Task brief
Using the data that follows, return exactly the lines from the one that contains "意味不明あだ名 | 『住所不定無職おりほ(6歳)』『自称おりほ』 |" through the one that contains "Matriz de porta", ends included.

Materials provided
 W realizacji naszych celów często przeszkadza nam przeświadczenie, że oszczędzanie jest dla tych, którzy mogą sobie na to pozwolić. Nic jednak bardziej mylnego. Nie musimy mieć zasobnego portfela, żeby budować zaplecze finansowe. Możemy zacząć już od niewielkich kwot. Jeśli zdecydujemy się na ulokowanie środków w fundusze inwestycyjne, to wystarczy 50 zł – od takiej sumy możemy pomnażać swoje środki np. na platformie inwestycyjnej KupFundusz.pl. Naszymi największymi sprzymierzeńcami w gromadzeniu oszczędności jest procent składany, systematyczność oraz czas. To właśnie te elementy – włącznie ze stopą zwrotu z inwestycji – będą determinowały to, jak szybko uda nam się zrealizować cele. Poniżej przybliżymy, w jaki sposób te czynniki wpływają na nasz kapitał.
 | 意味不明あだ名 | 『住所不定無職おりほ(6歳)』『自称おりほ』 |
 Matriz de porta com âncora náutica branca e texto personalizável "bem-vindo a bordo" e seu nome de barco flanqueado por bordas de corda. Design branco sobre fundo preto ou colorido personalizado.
* * *
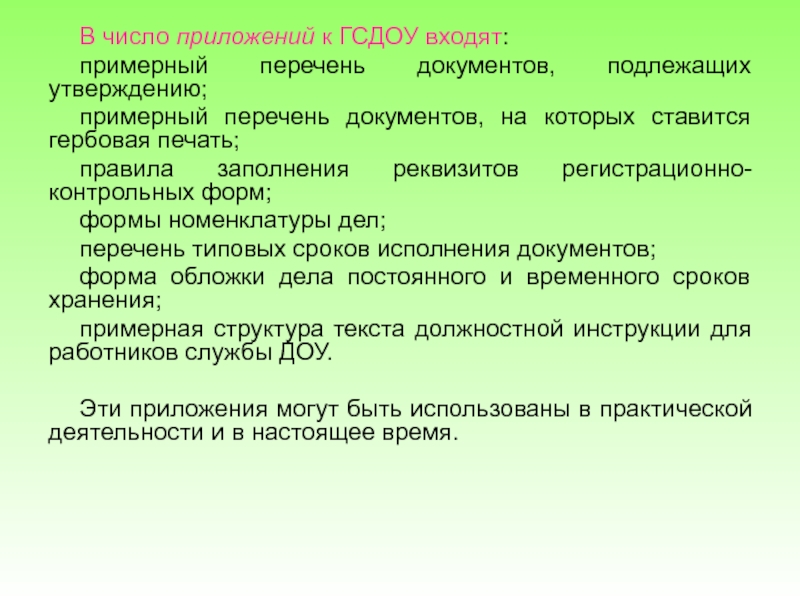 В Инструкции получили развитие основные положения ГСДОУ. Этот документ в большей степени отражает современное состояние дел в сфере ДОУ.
---
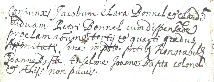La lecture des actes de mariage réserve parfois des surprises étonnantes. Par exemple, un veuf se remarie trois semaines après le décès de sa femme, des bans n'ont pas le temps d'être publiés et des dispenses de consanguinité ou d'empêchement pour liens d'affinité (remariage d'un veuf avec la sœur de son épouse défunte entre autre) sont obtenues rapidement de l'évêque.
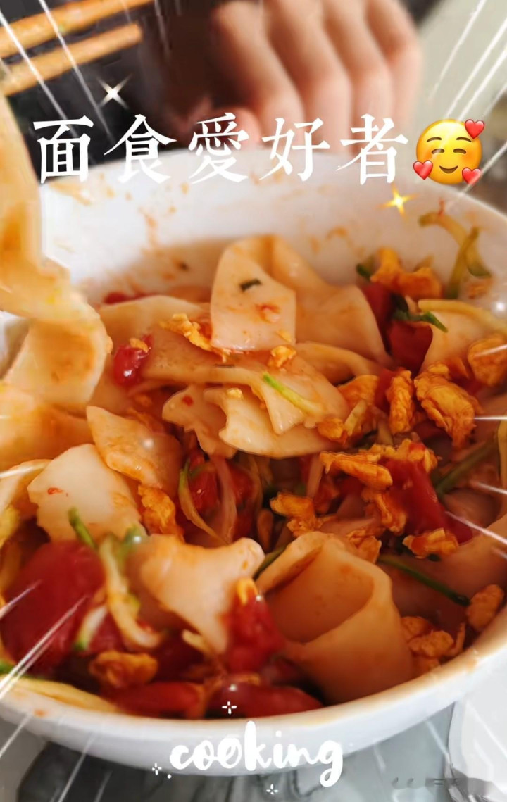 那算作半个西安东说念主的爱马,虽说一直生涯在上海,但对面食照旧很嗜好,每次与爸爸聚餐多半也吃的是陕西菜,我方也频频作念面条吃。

Exercise solution
 | 意味不明あだ名 | 『住所不定無職おりほ(6歳)』『自称おりほ』 |
 Matriz de porta com âncora náutica branca e texto personalizável "bem-vindo a bordo" e seu nome de barco flanqueado por bordas de corda. Design branco sobre fundo preto ou colorido personalizado.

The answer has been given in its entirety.